Just before the river had risen to his helm, he took one last breath and began to move (it could not be called running) as fast as he could into deeper water. After a dozen or so steps, he could no longer hold his breath and exhaling, gasped for air. Of course all his lungs received was water.

'Twas thoughtful of him to take that last deep breath to move himself out into the current. For with the onset of drowning the knight's reactions were of course to move to save himself, but it was too late.

His last action before drowning was, by force of will, to turn himself so that he was facing the far bank rather than to pass from this world with his back foremost.

FINISHED

In that moment when I envision drowning, I had a further vision too and so perhaps it is a beginning as well...

Awakening in a damp grotto was a new experience for Richard. And this place was no ordinary cave! Here, amid the bright torchlight, were paintings of many sizes and colors but all had one thing in common. They were all portraits. And they were all people he had known.

Taking a candle, and walking barefoot across the carpeted floor, he gazed in amazement at the vast number of people. Some men, mostly women; some smiling, some crying. And here and there an empty frame or a frayed edge. And then there was the first portrait he found slashed.

It was lying against the wall rather than hung. The frame itself was broken and the tatters of the image hung loose. It was Janet, who gave him his first book of heraldry and his first taste of love.
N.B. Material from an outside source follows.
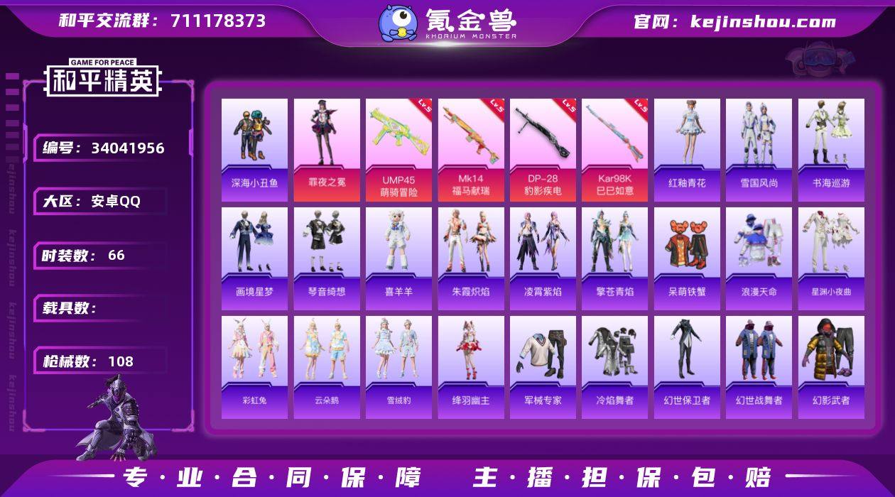 安卓 手Q-1粉装-4特效枪-0载具-1粉色飞行器-25235热力值-5王牌印记-66套装-108枪皮 【热门品类】:套装-浪漫天命,套装-深海小丑鱼 【粉色套装】:角色-罪夜之冕 【粉色枪皮等级】:UMP45-萌骑冒险(五级),Kar98K-巳巳如意(五级),Mk14-福马献瑞(五级),DP-28-豹影疾电(五级) 【粉色枪皮】:UMP45-萌骑冒险,Kar98K-巳巳如意,Mk14-福马献瑞,DP-28-豹影疾电 【粉色飞行器】:炫彩糖果飞行器 【粉色降落伞】:星之彼岸降落伞,千金淑猫降落伞,鬼刀降落伞,炫彩糖果降落伞 【稀有套装】:套装-雪国风尚,套装-炫彩糖果,套装-星渊小夜曲,套装-彩虹兔,套装-云朵鹅,套装-雪绒豹,角色-绛羽幽主,套装-朱霞炽焰,套装-凌霄紫焰,套装-擎苍青焰,玩偶服-喜羊羊,套装-书海巡游,套装-画境星梦,套装-琴音绮想,套装-雨过天青,套装-红釉青花 【稀有枪皮】:AUG-冰晶雪宝,AKM-影袭,AKM-破晓战魂,AKM-龙的传人,M16A4-千金淑猫,SCAR-L-暗夜玫瑰,SCAR-L-生命誓言,M416-红色方程式,M416-蓝色火焰,QBZ-彩虹符号,M762-彩虹符号,M762-云朵鹅,M762-登顶巅峰,蜜獾-天降萌叽,ACE32-画境星梦,ARX-凌霄紫焰,UZI-啾咪啾咪,Vector-生命誓言,汤姆逊-耀粉歌者,MP5K-画境星梦...

She was holding a cup long emptied.

And there in a solid frame, well maintained, was a portrait of his ex-lady-wife, much dusty and muddied with but a few, though major, gashes.

And then the beautiful "le dame". Her face still glowing from the canvas though it be pierced with a thousand small cuts.

But all these he passed on by until he came to an opening where he walked out into the spring light and there, near the cave mouth was a lake. And at the near shore lay a dock and there rode a small boat.

Sir Richard walked out upon the dock and saw the boat and knew that it was good. And so he stepped aboard and cast off the lines. And as the gentle breeze picked up and shook loose the sail and his simple tunic, he smiled to think of the vessel's name..."P".